**Work instructions**
Drop every image and restate the entries below word for word.

[Items from a data source]
Segment Open

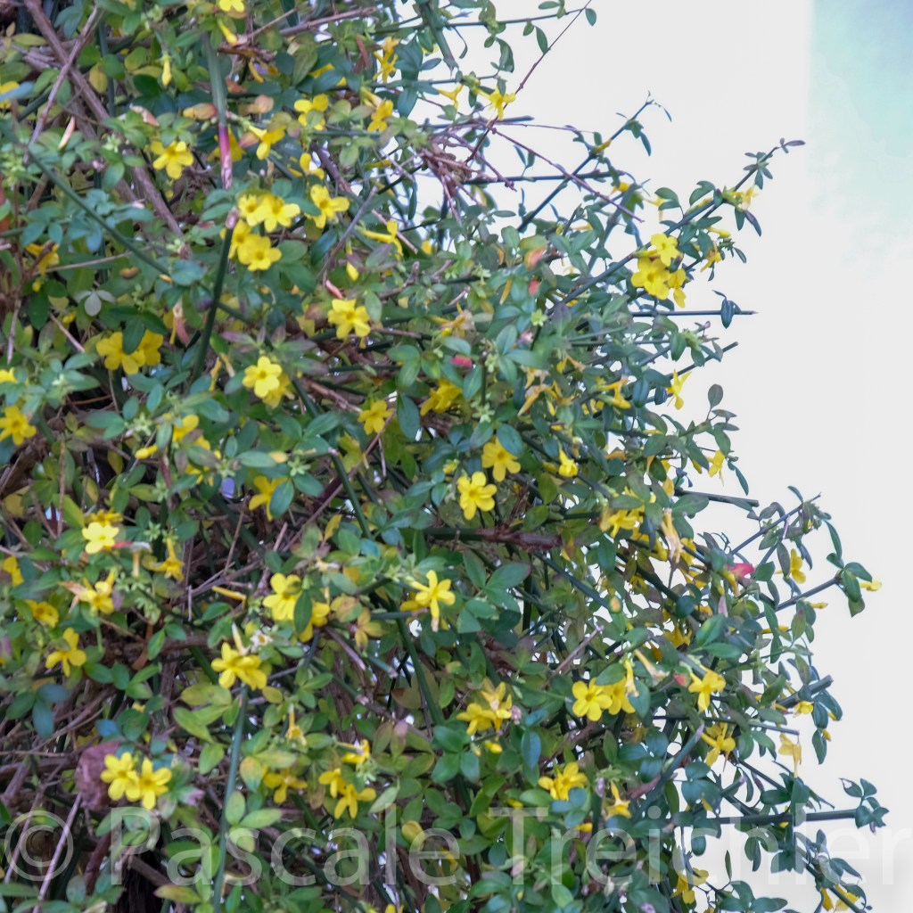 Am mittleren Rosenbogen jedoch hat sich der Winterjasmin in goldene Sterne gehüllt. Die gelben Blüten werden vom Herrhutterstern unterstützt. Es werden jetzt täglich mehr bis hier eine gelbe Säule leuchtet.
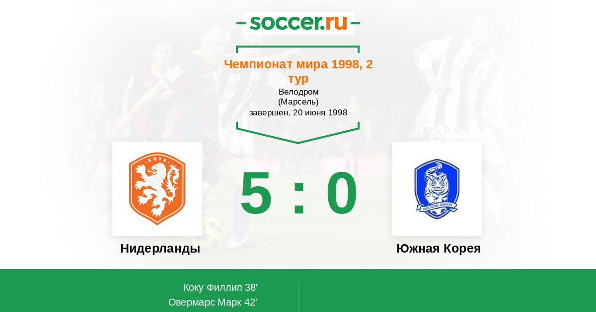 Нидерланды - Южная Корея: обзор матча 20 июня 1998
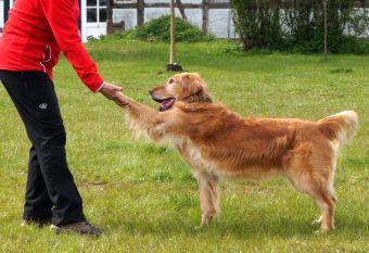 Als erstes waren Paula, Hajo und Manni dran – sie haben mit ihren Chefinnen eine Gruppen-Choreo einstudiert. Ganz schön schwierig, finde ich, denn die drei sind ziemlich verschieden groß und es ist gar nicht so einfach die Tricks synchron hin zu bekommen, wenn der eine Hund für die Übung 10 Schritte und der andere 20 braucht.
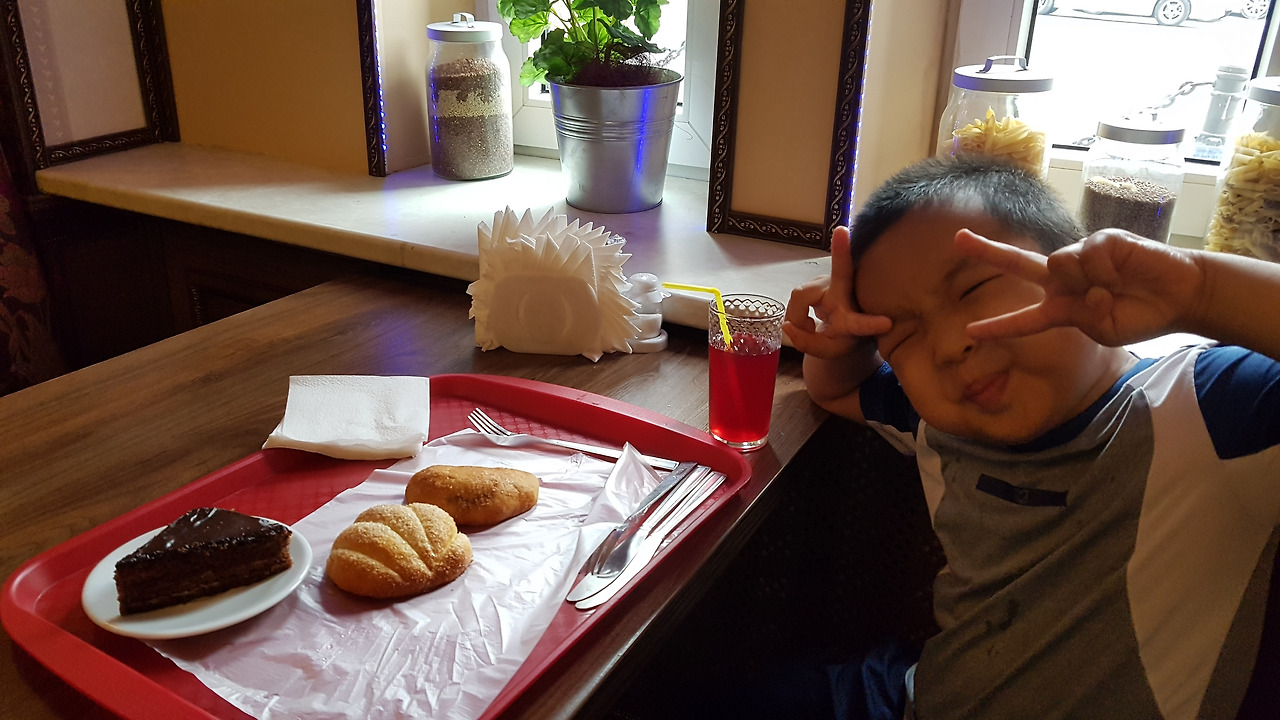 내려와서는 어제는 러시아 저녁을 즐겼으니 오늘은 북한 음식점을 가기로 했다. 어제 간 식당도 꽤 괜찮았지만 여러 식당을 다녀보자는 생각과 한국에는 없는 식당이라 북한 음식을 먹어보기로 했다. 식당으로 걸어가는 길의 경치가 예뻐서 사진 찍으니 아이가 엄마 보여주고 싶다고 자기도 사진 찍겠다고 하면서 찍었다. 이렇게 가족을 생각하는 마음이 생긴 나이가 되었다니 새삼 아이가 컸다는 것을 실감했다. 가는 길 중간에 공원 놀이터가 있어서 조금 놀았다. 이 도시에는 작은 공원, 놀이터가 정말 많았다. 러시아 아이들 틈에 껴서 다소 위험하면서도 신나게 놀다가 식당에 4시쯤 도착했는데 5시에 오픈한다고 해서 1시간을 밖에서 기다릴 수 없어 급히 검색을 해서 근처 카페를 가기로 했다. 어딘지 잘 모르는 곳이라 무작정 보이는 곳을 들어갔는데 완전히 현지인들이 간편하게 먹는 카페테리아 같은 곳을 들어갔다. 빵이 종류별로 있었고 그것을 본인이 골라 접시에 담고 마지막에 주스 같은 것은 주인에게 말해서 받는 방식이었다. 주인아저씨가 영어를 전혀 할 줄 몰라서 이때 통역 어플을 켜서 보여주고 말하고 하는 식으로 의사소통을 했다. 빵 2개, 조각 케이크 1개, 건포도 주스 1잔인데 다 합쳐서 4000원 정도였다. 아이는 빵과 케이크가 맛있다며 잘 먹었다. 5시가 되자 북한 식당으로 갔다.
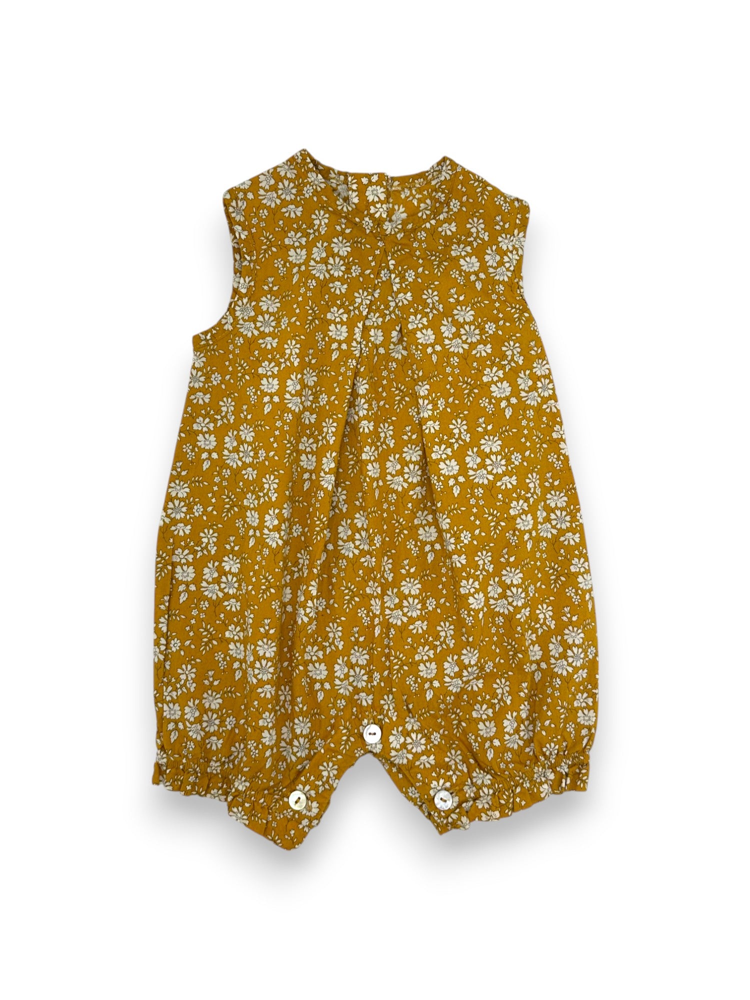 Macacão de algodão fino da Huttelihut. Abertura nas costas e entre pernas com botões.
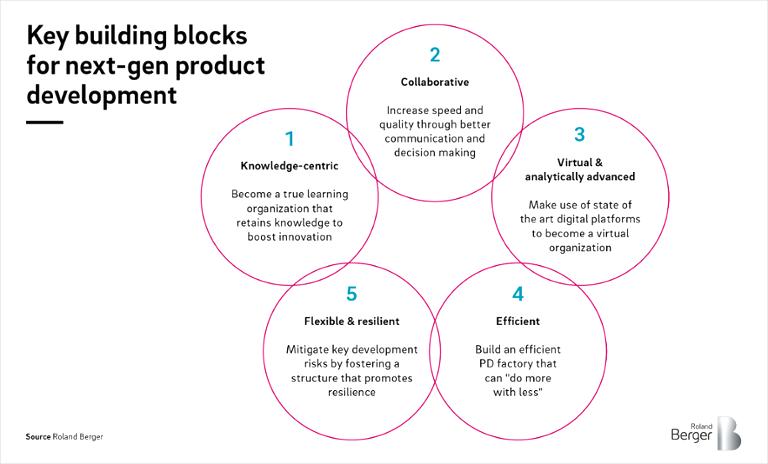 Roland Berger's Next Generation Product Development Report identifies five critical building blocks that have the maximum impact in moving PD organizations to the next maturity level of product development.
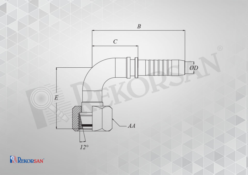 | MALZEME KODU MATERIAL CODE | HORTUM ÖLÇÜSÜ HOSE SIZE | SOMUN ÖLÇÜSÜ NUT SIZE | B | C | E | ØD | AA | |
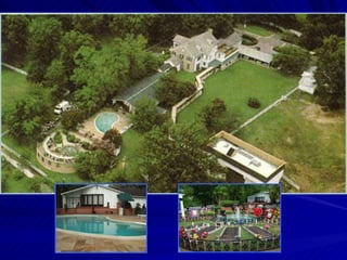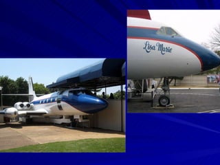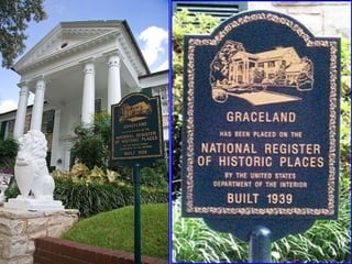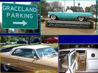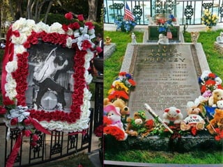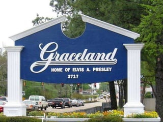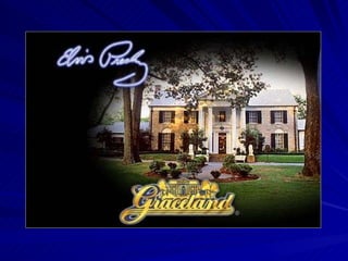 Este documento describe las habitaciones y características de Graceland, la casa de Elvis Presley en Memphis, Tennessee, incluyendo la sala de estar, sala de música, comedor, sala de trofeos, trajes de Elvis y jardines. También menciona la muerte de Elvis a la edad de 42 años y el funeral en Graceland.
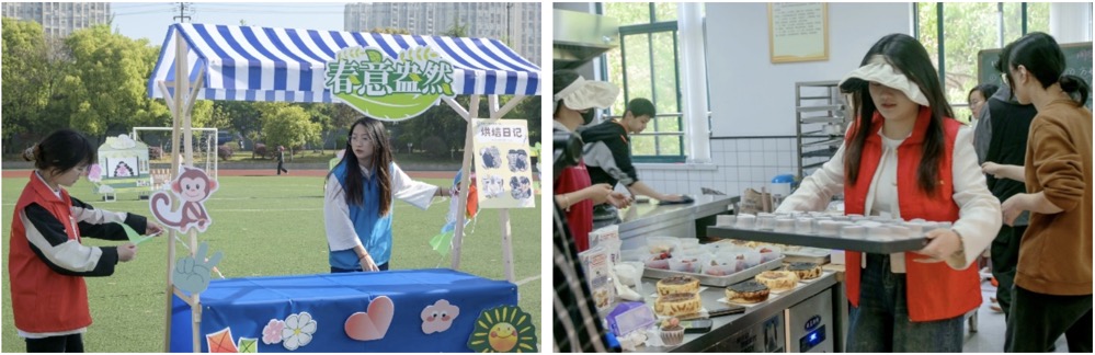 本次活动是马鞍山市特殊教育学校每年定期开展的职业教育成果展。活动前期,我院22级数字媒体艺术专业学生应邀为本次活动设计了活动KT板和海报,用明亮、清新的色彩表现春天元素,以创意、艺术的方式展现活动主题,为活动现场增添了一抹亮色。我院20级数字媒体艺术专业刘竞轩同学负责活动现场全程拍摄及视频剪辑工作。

Segment Closed

**Finished task**
 Am mittleren Rosenbogen jedoch hat sich der Winterjasmin in goldene Sterne gehüllt. Die gelben Blüten werden vom Herrhutterstern unterstützt. Es werden jetzt täglich mehr bis hier eine gelbe Säule leuchtet.
 Нидерланды - Южная Корея: обзор матча 20 июня 1998
 Als erstes waren Paula, Hajo und Manni dran – sie haben mit ihren Chefinnen eine Gruppen-Choreo einstudiert. Ganz schön schwierig, finde ich, denn die drei sind ziemlich verschieden groß und es ist gar nicht so einfach die Tricks synchron hin zu bekommen, wenn der eine Hund für die Übung 10 Schritte und der andere 20 braucht.
 내려와서는 어제는 러시아 저녁을 즐겼으니 오늘은 북한 음식점을 가기로 했다. 어제 간 식당도 꽤 괜찮았지만 여러 식당을 다녀보자는 생각과 한국에는 없는 식당이라 북한 음식을 먹어보기로 했다. 식당으로 걸어가는 길의 경치가 예뻐서 사진 찍으니 아이가 엄마 보여주고 싶다고 자기도 사진 찍겠다고 하면서 찍었다. 이렇게 가족을 생각하는 마음이 생긴 나이가 되었다니 새삼 아이가 컸다는 것을 실감했다. 가는 길 중간에 공원 놀이터가 있어서 조금 놀았다. 이 도시에는 작은 공원, 놀이터가 정말 많았다. 러시아 아이들 틈에 껴서 다소 위험하면서도 신나게 놀다가 식당에 4시쯤 도착했는데 5시에 오픈한다고 해서 1시간을 밖에서 기다릴 수 없어 급히 검색을 해서 근처 카페를 가기로 했다. 어딘지 잘 모르는 곳이라 무작정 보이는 곳을 들어갔는데 완전히 현지인들이 간편하게 먹는 카페테리아 같은 곳을 들어갔다. 빵이 종류별로 있었고 그것을 본인이 골라 접시에 담고 마지막에 주스 같은 것은 주인에게 말해서 받는 방식이었다. 주인아저씨가 영어를 전혀 할 줄 몰라서 이때 통역 어플을 켜서 보여주고 말하고 하는 식으로 의사소통을 했다. 빵 2개, 조각 케이크 1개, 건포도 주스 1잔인데 다 합쳐서 4000원 정도였다. 아이는 빵과 케이크가 맛있다며 잘 먹었다. 5시가 되자 북한 식당으로 갔다.
 Macacão de algodão fino da Huttelihut. Abertura nas costas e entre pernas com botões.
 Roland Berger's Next Generation Product Development Report identifies five critical building blocks that have the maximum impact in moving PD organizations to the next maturity level of product development.
 | MALZEME KODU MATERIAL CODE | HORTUM ÖLÇÜSÜ HOSE SIZE | SOMUN ÖLÇÜSÜ NUT SIZE | B | C | E | ØD | AA | |
 Este documento describe las habitaciones y características de Graceland, la casa de Elvis Presley en Memphis, Tennessee, incluyendo la sala de estar, sala de música, comedor, sala de trofeos, trajes de Elvis y jardines. También menciona la muerte de Elvis a la edad de 42 años y el funeral en Graceland.
 本次活动是马鞍山市特殊教育学校每年定期开展的职业教育成果展。活动前期,我院22级数字媒体艺术专业学生应邀为本次活动设计了活动KT板和海报,用明亮、清新的色彩表现春天元素,以创意、艺术的方式展现活动主题,为活动现场增添了一抹亮色。我院20级数字媒体艺术专业刘竞轩同学负责活动现场全程拍摄及视频剪辑工作。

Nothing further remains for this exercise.